You started to see all sides of the rapper’s character in the video for “Shiraz,” where Bronson goofs with an Italian deli owner and purchases prosciutto, back-slapping like he was a young Ed Koch. He cracks open Philly blunts in the park and flirts and freaks like Jodeci with a woman who looks like a wilder version of my grandpa’s ex-girlfriend Janice.
After the song ends, the camera keeps rolling. Bronson gets the woman’s phone number and she tells him that he’s going to be a star. She also confides that she hasn’t had sex in 21 years, but she’d do him now. Then he hoists her off the ground and police sirens squawk. It ends with him flashing an impish Dennis the Menace glance at the camera.

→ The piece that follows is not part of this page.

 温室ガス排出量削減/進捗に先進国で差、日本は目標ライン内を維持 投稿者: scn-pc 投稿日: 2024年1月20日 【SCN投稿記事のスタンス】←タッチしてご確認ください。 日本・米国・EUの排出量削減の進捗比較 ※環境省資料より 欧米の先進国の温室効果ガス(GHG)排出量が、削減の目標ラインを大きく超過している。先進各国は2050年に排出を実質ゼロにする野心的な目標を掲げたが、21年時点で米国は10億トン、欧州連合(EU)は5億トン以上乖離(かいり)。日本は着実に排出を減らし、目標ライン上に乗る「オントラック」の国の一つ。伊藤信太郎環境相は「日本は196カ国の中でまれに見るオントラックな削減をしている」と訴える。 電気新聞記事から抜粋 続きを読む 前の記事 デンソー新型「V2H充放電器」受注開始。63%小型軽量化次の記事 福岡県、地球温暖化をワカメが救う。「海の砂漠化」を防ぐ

Action Bronson’s formal debut was 2011’s Dr. Lecter, which felt a little like a formal debut. There are plenty of inspired moments. But the appeal is heaviest to rap purists and anyone else entertaining by nimble politically incorrect rhymes about being “twisted off Manischewitz” and eating barbequed venison.

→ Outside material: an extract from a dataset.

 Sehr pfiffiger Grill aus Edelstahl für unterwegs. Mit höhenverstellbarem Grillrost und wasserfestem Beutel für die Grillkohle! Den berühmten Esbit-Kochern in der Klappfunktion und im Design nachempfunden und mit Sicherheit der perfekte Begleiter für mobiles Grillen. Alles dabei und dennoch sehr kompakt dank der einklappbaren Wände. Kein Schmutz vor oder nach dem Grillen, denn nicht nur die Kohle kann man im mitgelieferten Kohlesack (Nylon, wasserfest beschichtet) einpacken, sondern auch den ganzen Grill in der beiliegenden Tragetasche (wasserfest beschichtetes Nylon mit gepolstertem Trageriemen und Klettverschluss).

The big creative leap happened on last year’s Blue Chips, a pawn-shop collage of samples lifted from the Neville Brothers, Frank Zappa, The Flamingos, and other flotsam scrounged while stoned-surfing YouTube. Bronson became a writer as colorful and carnal as Henry Miller and as chimerical as Rick Ross. He’s “eating tacos in the Galapagos, higher than a opera note,” smoking out of Thanksgiving turkey bags, eating out Yugoslavian women with “baby bushes,” and buying prime rib from premium NYC “meat purveyor,” Pat LaFrieda. “Hookers at the Point” riffs on the 2002 documentary of the same time, with Bronson inhabiting the character of a cracked-out prostitute “suck[ing] a Jewish lawyer, or an African cabby,” a Puerto Rican john, and a pinky-ringed pimp named Montel (one “L”). But “9-24-11” might be the moment when he became one of the best rappers out. He fucks up his verses three times, coughs, and hacks up his worries, anxieties, and his family’s immigrant saga. It’s as confidently improvised, tough, and honest as rap gets.
The star turn was the video for “The Symbol,” from late 2012’s Rare Chandeliers, his collaboration with the similarly Semitic Alchemist. The result being the greatest Hebrew hip-hop contribution since “So What’cha Want.” Wearing a blond Brian Jones mop-top wig and a denim vest, Bronson is a ’70s crime boss, seducing harlots, buying delicious cocaine, and dispatching enemies with sadistic glee. He is the symbol, staring at himself in the mirror and only seeing exquisite features. He is the fat pretty boy who will dismantle you and cook pasta, a lost character from Jackie Brown.
Released as his first official project since signing to Vice/Warner Bros, Rare Chandeliers elicited raves. It’s weirder, heavier, and more psychedelic than its predecessors. It also features “Eggs on the Third Floor,” his most playful and possibly best moment as an artist. The beat switches to an old-school chant and he toggles back and forth between Jamaican toaster and block party Queens MC, who you can catch out in SoCal, spending five weeks in the grow house.
To use an analogy that my grandfather would understand, when Ornette Coleman first came up in the jazz world, he couldn’t escape the Charlie Parker comparisons until one day, he became Ornette Coleman. “Eggs on the Floor” is when it becomes obvious that there can only be one Action Bronson, a blunt and blunted Queens representative, hand-springing into the Buick, having wild nights with your wife, and always smoking spices. He feels like family.